No pictures, nothing altered: return the data below.

• Dataset excerpts
.....

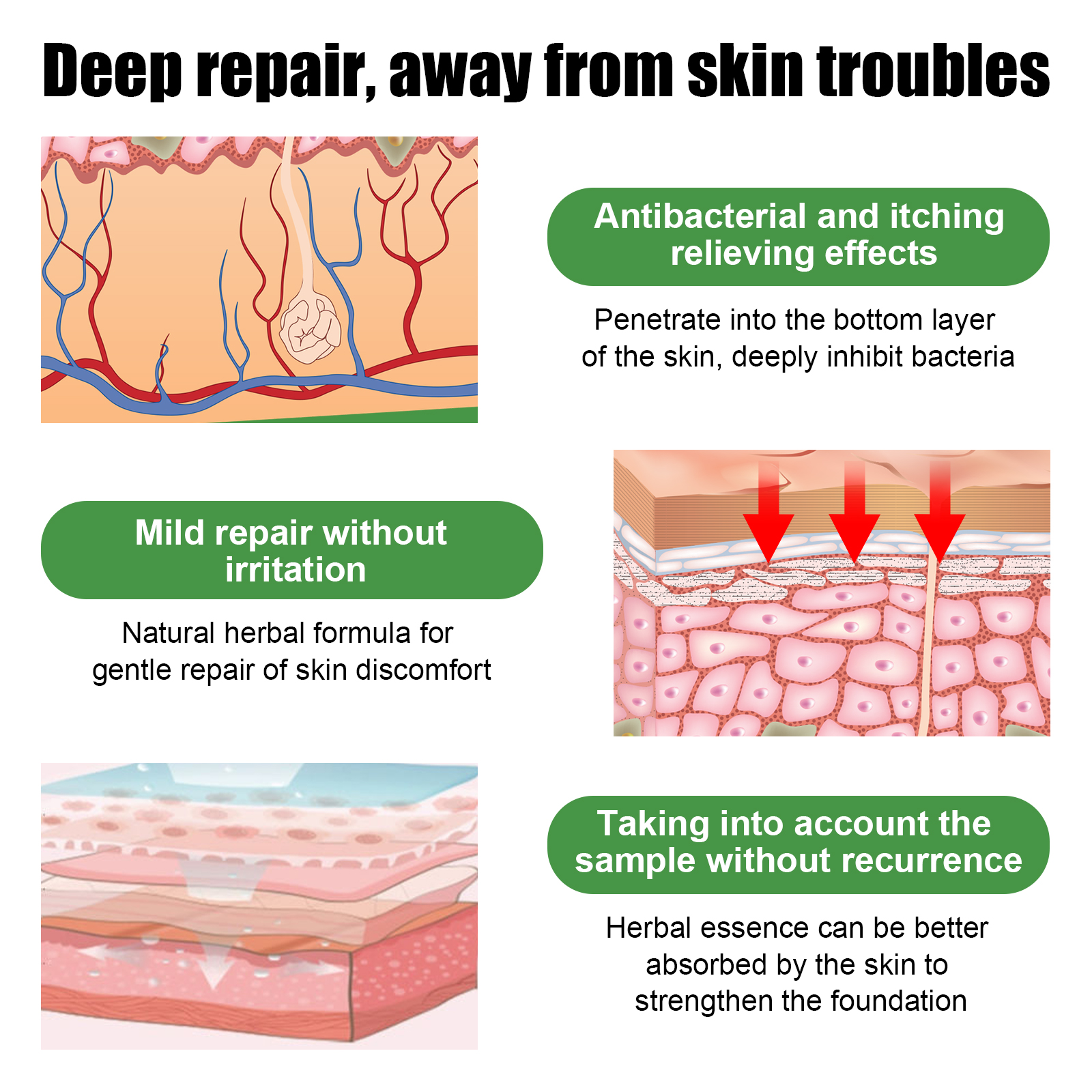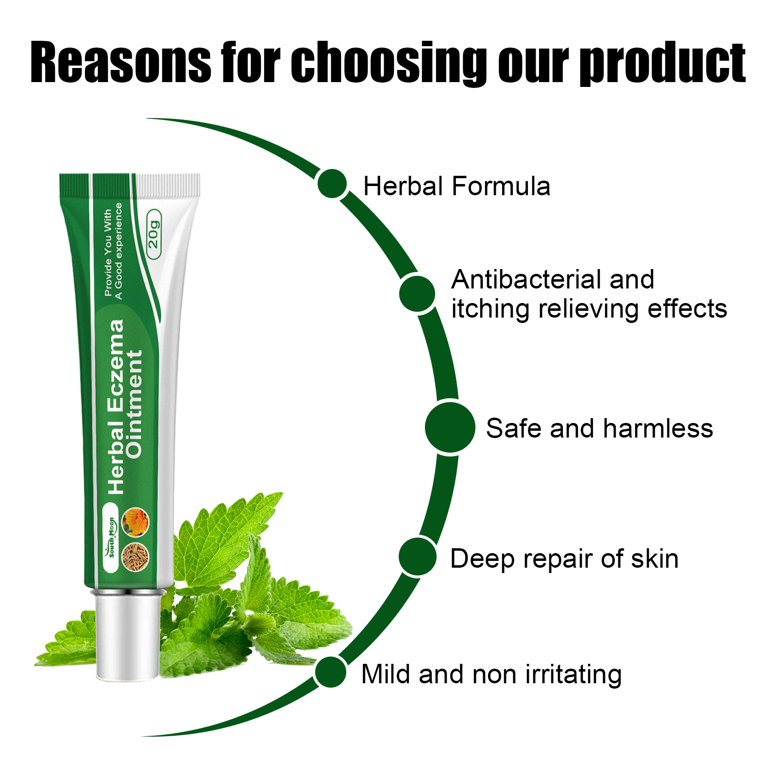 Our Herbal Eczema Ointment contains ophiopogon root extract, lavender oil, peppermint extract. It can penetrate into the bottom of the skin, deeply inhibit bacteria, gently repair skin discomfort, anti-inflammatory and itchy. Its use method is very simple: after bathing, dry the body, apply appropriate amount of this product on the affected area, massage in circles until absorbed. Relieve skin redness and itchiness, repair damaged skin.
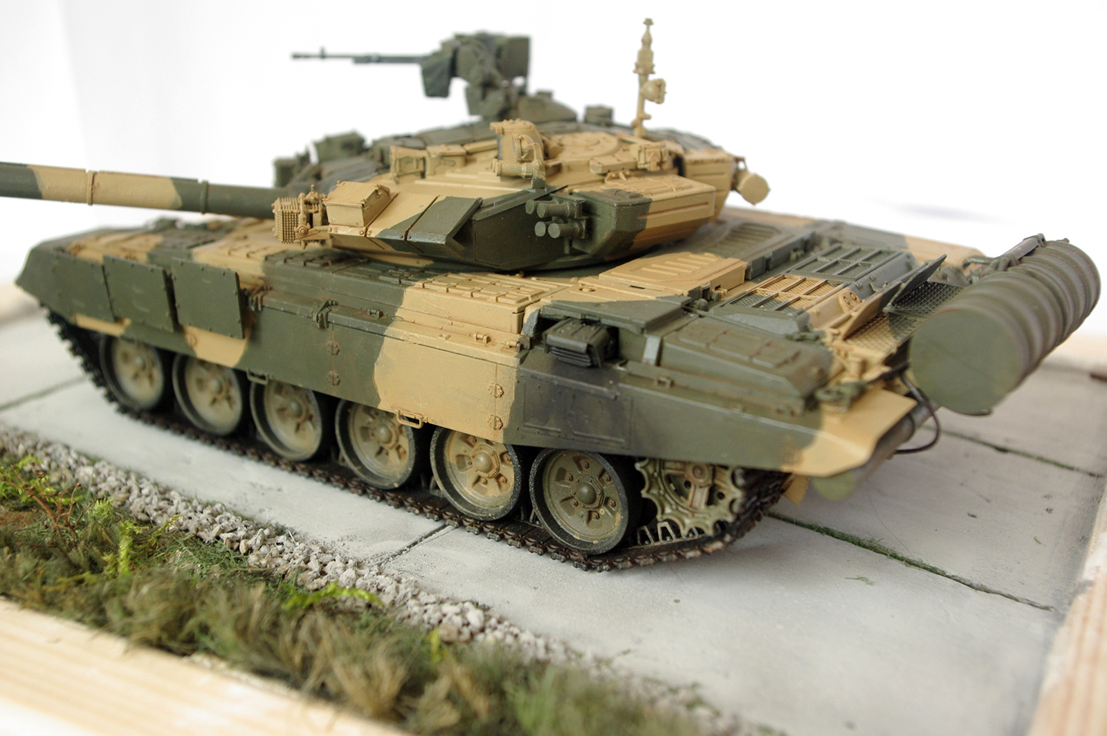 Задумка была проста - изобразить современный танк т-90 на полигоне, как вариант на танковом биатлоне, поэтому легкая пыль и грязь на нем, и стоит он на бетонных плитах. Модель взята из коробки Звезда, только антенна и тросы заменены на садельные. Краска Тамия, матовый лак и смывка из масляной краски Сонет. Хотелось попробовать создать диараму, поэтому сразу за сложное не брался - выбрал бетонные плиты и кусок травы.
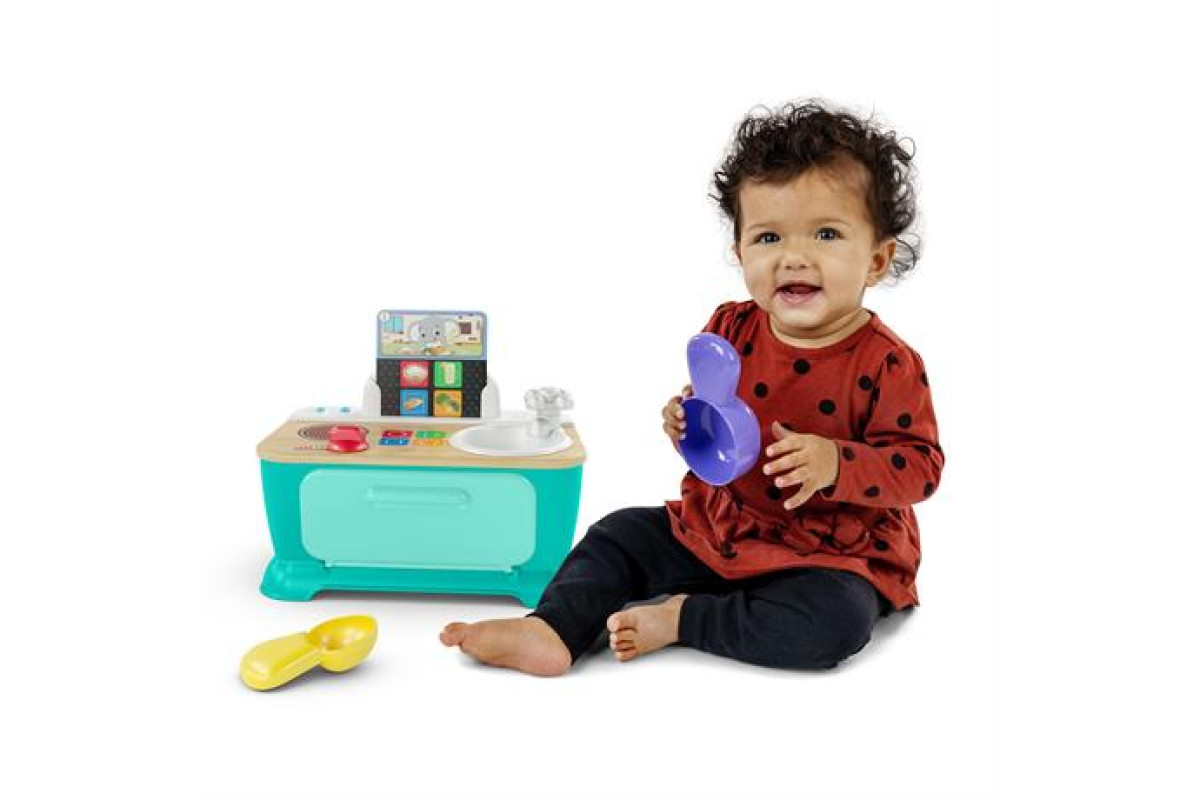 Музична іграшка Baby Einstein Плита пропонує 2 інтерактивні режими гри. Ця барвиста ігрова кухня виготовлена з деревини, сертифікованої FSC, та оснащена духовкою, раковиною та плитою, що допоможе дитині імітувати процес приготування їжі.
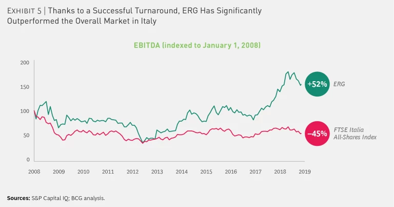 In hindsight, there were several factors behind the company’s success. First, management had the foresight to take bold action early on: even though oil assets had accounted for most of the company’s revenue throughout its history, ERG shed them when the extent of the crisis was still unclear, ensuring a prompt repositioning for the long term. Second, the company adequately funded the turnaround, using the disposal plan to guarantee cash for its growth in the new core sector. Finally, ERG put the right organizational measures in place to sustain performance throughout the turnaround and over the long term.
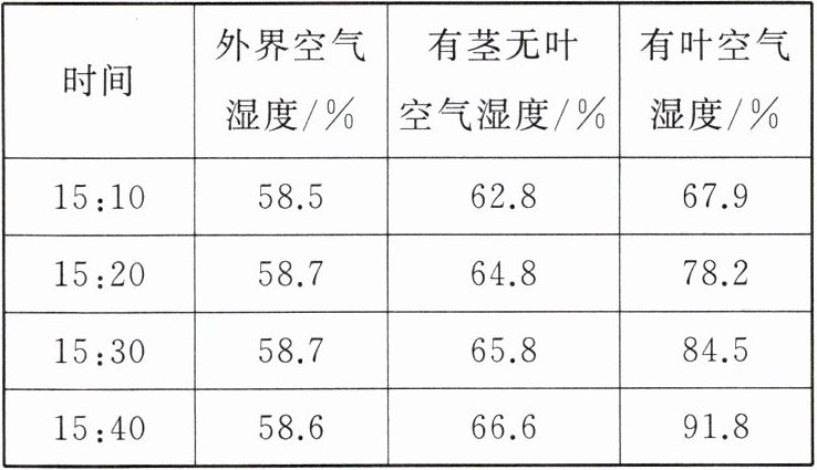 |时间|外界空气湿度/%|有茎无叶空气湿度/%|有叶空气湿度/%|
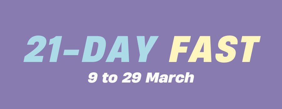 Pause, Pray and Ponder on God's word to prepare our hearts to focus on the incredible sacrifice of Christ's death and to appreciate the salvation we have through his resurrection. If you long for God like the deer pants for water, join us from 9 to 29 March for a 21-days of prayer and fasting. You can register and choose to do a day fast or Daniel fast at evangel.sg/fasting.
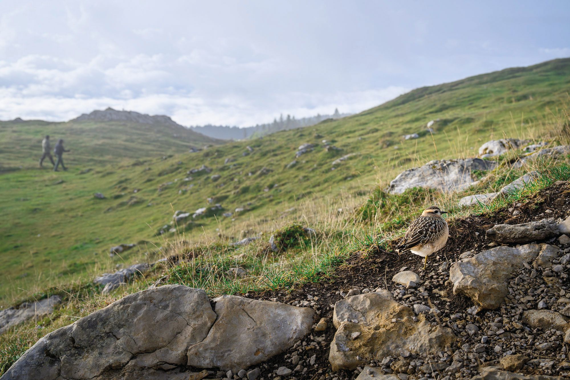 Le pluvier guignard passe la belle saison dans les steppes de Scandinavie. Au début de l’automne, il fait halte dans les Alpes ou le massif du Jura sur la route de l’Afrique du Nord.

.....

• Result of this task
 Our Herbal Eczema Ointment contains ophiopogon root extract, lavender oil, peppermint extract. It can penetrate into the bottom of the skin, deeply inhibit bacteria, gently repair skin discomfort, anti-inflammatory and itchy. Its use method is very simple: after bathing, dry the body, apply appropriate amount of this product on the affected area, massage in circles until absorbed. Relieve skin redness and itchiness, repair damaged skin.
 Задумка была проста - изобразить современный танк т-90 на полигоне, как вариант на танковом биатлоне, поэтому легкая пыль и грязь на нем, и стоит он на бетонных плитах. Модель взята из коробки Звезда, только антенна и тросы заменены на садельные. Краска Тамия, матовый лак и смывка из масляной краски Сонет. Хотелось попробовать создать диараму, поэтому сразу за сложное не брался - выбрал бетонные плиты и кусок травы.
 Музична іграшка Baby Einstein Плита пропонує 2 інтерактивні режими гри. Ця барвиста ігрова кухня виготовлена з деревини, сертифікованої FSC, та оснащена духовкою, раковиною та плитою, що допоможе дитині імітувати процес приготування їжі.
 In hindsight, there were several factors behind the company’s success. First, management had the foresight to take bold action early on: even though oil assets had accounted for most of the company’s revenue throughout its history, ERG shed them when the extent of the crisis was still unclear, ensuring a prompt repositioning for the long term. Second, the company adequately funded the turnaround, using the disposal plan to guarantee cash for its growth in the new core sector. Finally, ERG put the right organizational measures in place to sustain performance throughout the turnaround and over the long term.
 |时间|外界空气湿度/%|有茎无叶空气湿度/%|有叶空气湿度/%|
 Pause, Pray and Ponder on God's word to prepare our hearts to focus on the incredible sacrifice of Christ's death and to appreciate the salvation we have through his resurrection. If you long for God like the deer pants for water, join us from 9 to 29 March for a 21-days of prayer and fasting. You can register and choose to do a day fast or Daniel fast at evangel.sg/fasting.
 Le pluvier guignard passe la belle saison dans les steppes de Scandinavie. Au début de l’automne, il fait halte dans les Alpes ou le massif du Jura sur la route de l’Afrique du Nord.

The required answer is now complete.